*The task*:
Start at the line in the entries below that contains "The Draft House", stop at the line that contains "notebook for a", and output exactly the lines in that span, both ends included.

____ Records shown

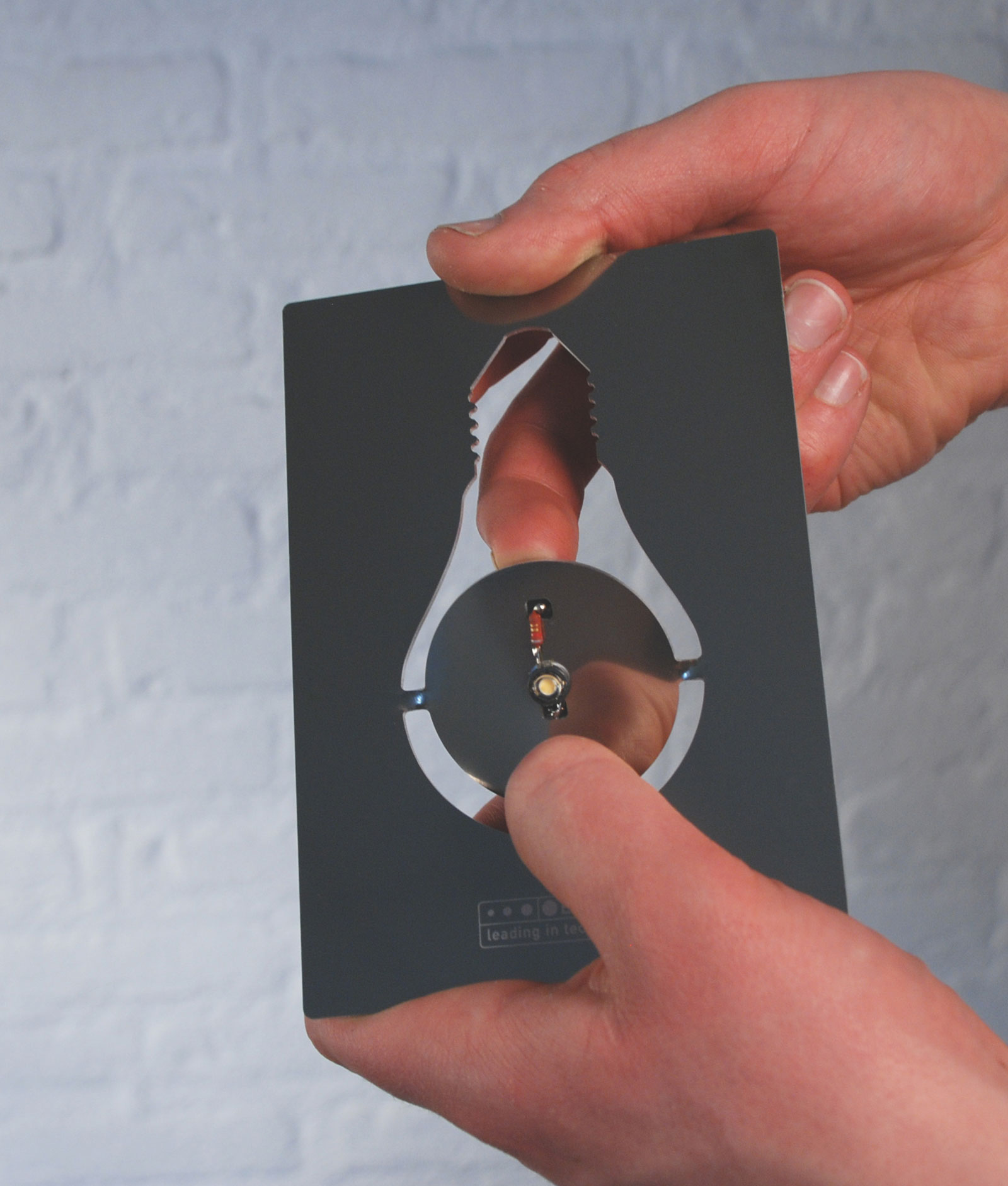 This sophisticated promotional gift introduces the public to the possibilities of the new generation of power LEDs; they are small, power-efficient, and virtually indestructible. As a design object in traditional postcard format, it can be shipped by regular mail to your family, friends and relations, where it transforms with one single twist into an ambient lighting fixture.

________
____ Records shown

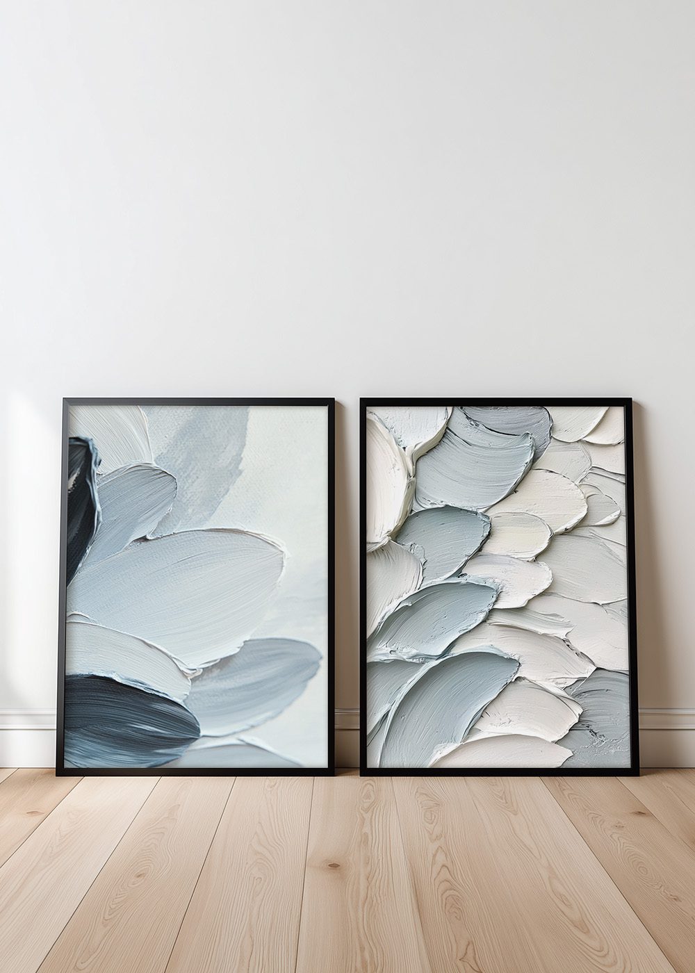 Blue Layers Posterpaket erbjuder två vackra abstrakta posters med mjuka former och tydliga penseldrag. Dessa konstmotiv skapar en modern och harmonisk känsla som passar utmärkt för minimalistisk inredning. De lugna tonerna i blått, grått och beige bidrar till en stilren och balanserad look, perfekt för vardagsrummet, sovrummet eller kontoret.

________
____ Records shown

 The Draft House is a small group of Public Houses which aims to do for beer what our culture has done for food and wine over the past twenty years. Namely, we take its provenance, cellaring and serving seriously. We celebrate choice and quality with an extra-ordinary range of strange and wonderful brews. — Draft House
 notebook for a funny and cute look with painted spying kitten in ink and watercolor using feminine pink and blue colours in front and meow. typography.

________

*Finished exercise*:
 The Draft House is a small group of Public Houses which aims to do for beer what our culture has done for food and wine over the past twenty years. Namely, we take its provenance, cellaring and serving seriously. We celebrate choice and quality with an extra-ordinary range of strange and wonderful brews. — Draft House
 notebook for a funny and cute look with painted spying kitten in ink and watercolor using feminine pink and blue colours in front and meow. typography.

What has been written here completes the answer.